_What the exercise asks_
Using the listing below, copy exactly each line from the one that has "In 2018 I stumbled" through the one that has "Diagon Alley is"; omit the pictures.

Input data section start

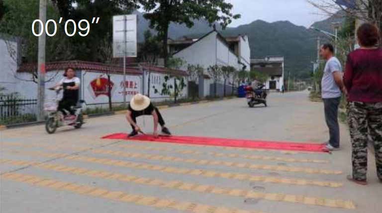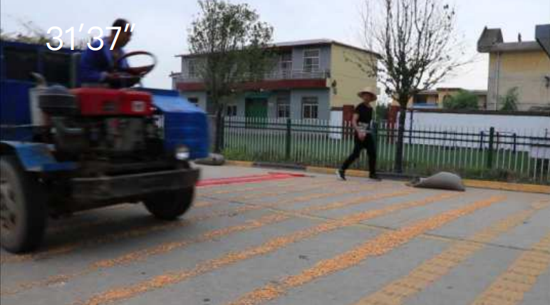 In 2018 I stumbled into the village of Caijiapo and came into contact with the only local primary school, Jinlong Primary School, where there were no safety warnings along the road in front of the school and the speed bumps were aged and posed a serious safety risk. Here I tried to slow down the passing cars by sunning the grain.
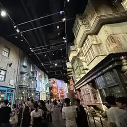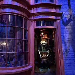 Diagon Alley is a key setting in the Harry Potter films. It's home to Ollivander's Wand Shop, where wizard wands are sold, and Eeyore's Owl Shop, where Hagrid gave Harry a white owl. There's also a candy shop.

Input data section end
Input data section start

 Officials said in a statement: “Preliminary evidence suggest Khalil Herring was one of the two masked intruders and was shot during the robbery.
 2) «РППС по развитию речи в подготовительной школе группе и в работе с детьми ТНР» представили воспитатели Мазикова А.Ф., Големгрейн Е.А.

Input data section end
Input data section start

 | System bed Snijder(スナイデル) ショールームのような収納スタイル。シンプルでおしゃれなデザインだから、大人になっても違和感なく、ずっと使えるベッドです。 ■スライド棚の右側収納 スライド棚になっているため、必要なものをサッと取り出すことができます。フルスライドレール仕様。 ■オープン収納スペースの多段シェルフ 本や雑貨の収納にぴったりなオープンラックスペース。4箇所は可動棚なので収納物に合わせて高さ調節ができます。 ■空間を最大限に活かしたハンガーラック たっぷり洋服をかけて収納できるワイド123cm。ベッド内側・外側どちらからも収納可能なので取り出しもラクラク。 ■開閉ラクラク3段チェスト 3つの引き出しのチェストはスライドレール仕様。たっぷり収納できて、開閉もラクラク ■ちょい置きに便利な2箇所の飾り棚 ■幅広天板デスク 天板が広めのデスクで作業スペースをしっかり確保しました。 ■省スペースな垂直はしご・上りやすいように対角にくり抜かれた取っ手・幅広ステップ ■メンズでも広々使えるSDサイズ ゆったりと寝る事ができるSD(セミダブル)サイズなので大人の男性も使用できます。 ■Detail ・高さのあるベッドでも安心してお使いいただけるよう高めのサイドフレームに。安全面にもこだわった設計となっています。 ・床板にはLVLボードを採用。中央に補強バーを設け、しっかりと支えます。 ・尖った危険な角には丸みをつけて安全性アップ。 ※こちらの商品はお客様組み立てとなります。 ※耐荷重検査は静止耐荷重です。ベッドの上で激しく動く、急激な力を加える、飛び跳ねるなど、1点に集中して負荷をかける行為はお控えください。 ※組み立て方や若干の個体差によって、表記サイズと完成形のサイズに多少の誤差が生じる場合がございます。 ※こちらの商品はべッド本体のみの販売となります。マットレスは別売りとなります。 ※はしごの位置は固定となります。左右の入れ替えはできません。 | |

Input data section end

_Exercise result_
 In 2018 I stumbled into the village of Caijiapo and came into contact with the only local primary school, Jinlong Primary School, where there were no safety warnings along the road in front of the school and the speed bumps were aged and posed a serious safety risk. Here I tried to slow down the passing cars by sunning the grain.
 Diagon Alley is a key setting in the Harry Potter films. It's home to Ollivander's Wand Shop, where wizard wands are sold, and Eeyore's Owl Shop, where Hagrid gave Harry a white owl. There's also a candy shop.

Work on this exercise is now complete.